Cash Trimmed, Not Abandoned

Apparently, they shifted 77,109 shares during the last quarter. A substantial chunk, yes. But it’s not a panic, I don’t think. More a… recalibration. Like deciding you don’t need all seven cardigans, even though they were on sale. The fund’s overall holding in VBIL is down a bit in value – $5.86 million, factoring in both the sale and… well, the market doing its thing. Which it always does, doesn’t it? It’s terribly distracting.

Ethereum: A Mildly Optimistic Conjecture

The pursuit of ‘regulatory clarity’ in the cryptocurrency space is a bit like attempting to herd cats using only interpretive dance. It’s a noble goal, certainly, and will undoubtedly generate a great deal of paperwork. But clarity itself is a slippery concept, particularly when applied to technologies designed, at least in part, to circumvent traditional systems. Nevertheless, a piece of legislation, rather creatively titled the ‘Digital Asset Market Clarity Act’ (Clarity Act), is currently making its way through the legislative process. It promises to establish rules, define terms, and generally impose order upon the delightful chaos of decentralized finance. (One suspects the primary beneficiaries will be lawyers.)

Portfolio Shifts and Silicon Valley Inclinations

Mr. Thiel’s management of the Thiel Macro fund, amounting to some $74 million, has recently undergone adjustments which, whilst not dramatic, are worthy of consideration. A divestment of holdings in both Nvidia and Tesla – the latter reduced, rather than entirely abandoned – suggests a reassessment of their relative merits. It is a truth universally acknowledged, that a fund manager in possession of a good fortune, must be in want of judicious repositioning. The acquisition of shares in Apple and Microsoft, however, indicates a preference for establishments of a more… established character.

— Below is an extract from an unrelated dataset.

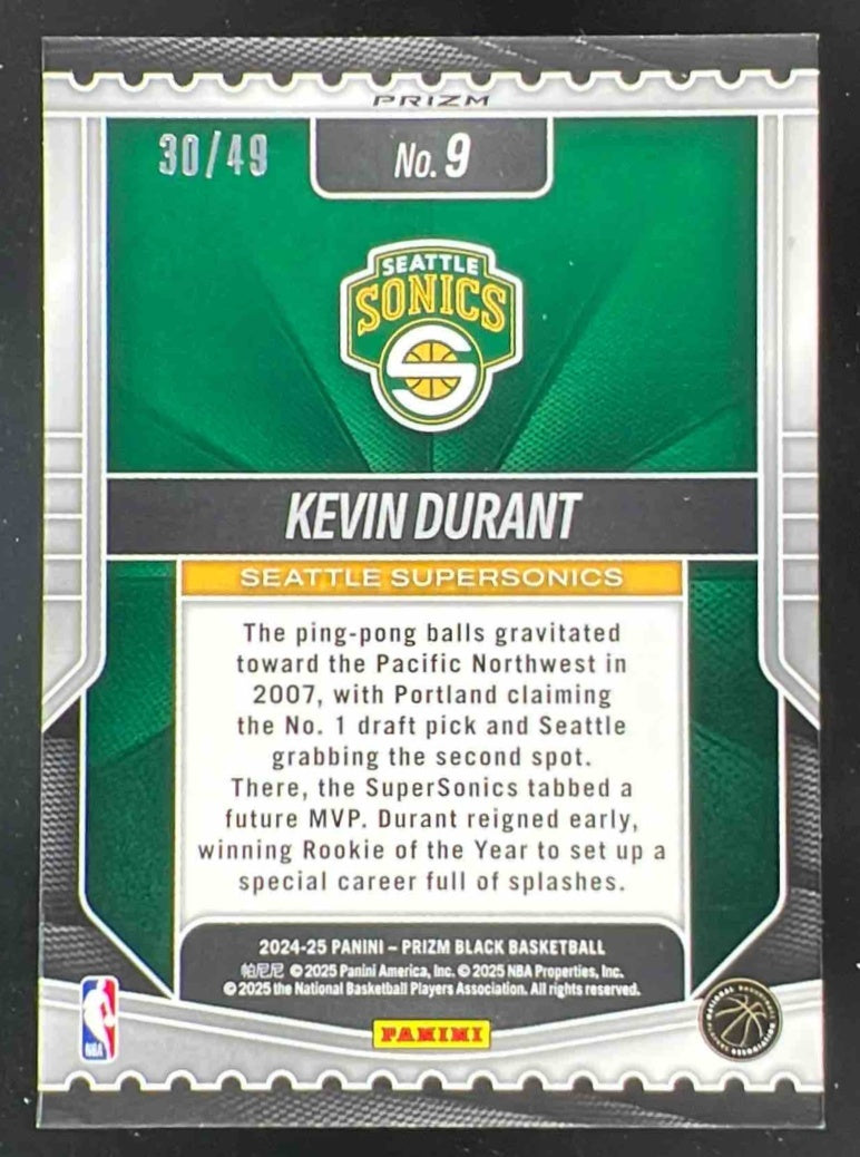 2024-25 Panini Prizm Black Luck of the Lottery Orange Prizms #9 Kevin Durant /49
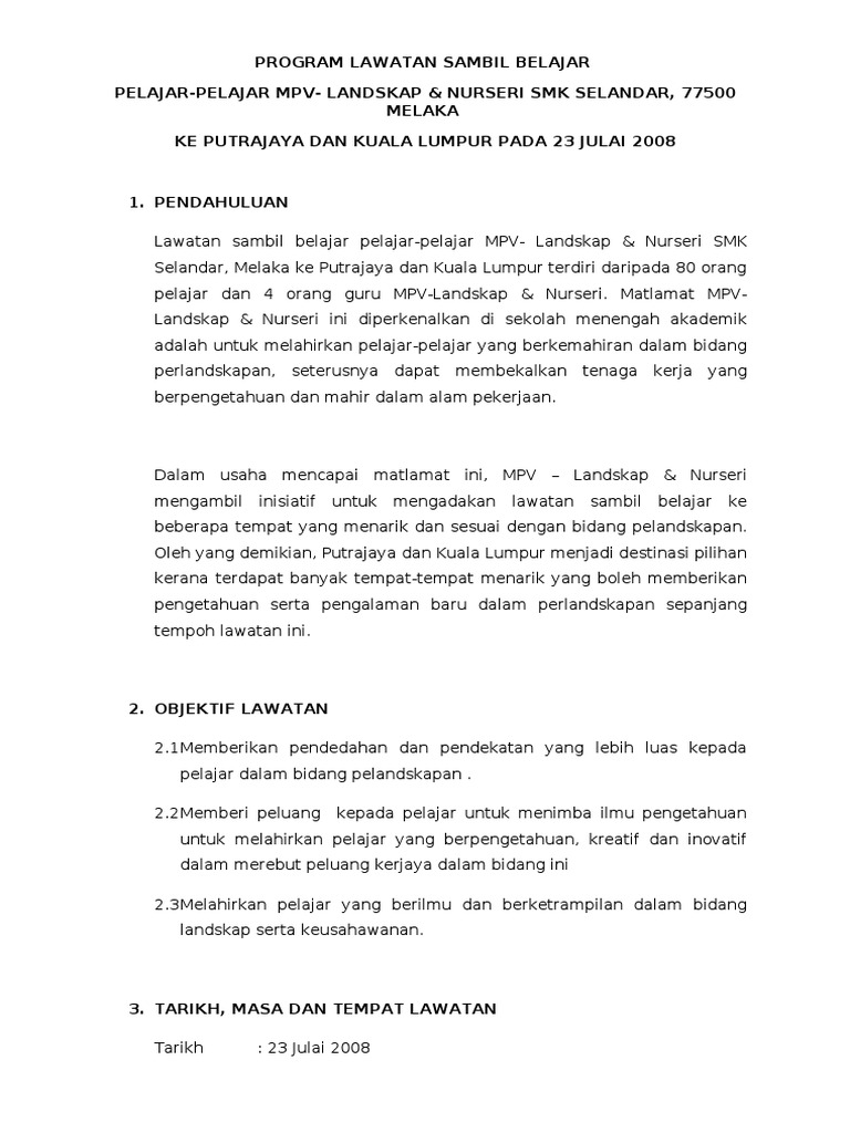 Kertas Kerja Lawatan Sambil Belajar Pdf

Private Credit: A Gathering Storm

Gundlach, the Bond King, called some of these loans “garbage.” Garbage. He’s seen a few cycles. Dimon, over at Goldman, figured the lending standards were getting soft. Lenient. Like a bartender giving away free drinks. He expects issues if things turn south. And they always do, eventually.

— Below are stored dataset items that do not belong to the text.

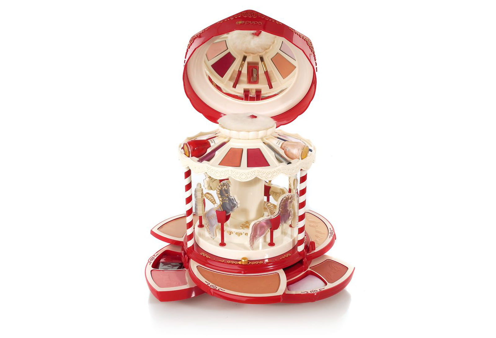Pupa Milano palettes came in what Comoglio called “fantasy shapes,” with the most famous being an actual working carousel, launched in 1993. The brand’s makeup cases were coveted by Italian and other European girls and young women, frequently selling out soon after launch during the holiday season.
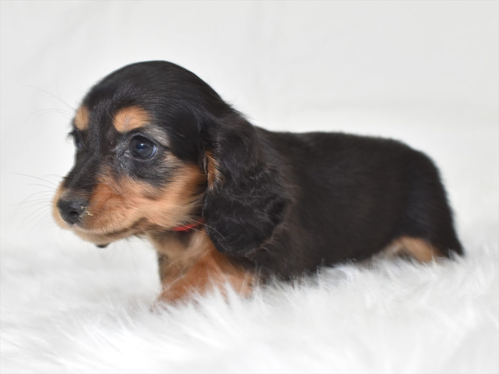 ブラックタン色の女の子で、赤リボンちゃん。
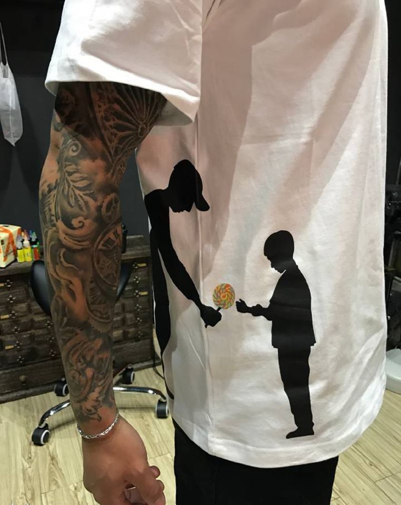 叔叔请你吃棒棒糖纹身图片_手臂欧美写实纹身图案
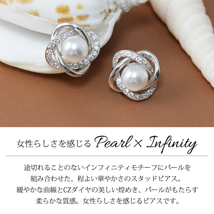 ※「S925」の刻印あり 【両耳分1セット】 女性らしさを感じる”パール × インフィニティ ”。
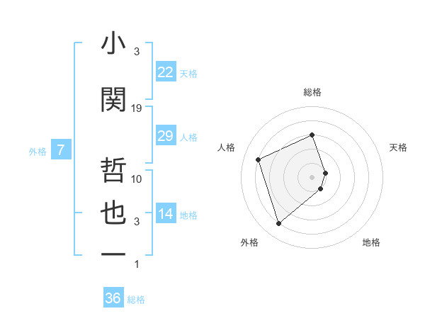 小関 哲也一さんを姓名の画数から五運を鑑定
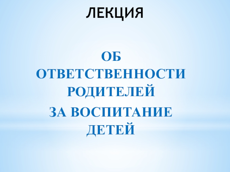 ЛЕКЦИЯОБ ОТВЕТСТВЕННОСТИ РОДИТЕЛЕЙ ЗА ВОСПИТАНИЕ ДЕТЕЙ

The Vanishing Treasury: A Portfolio’s Ephemeral Cache

The transaction, documented in a filing of January 29th, reveals a shifting of sands, a re-arrangement of pieces within the larger game. The fund’s weight within the portfolio, once a noticeable 2.48%, has now dwindled to a mere 0.07% – a ratio akin to a single volume lost within the boundless stacks of the Library of Babel. One might speculate on the motives of the custodians of this wealth, but the market, as always, offers only echoes, not answers.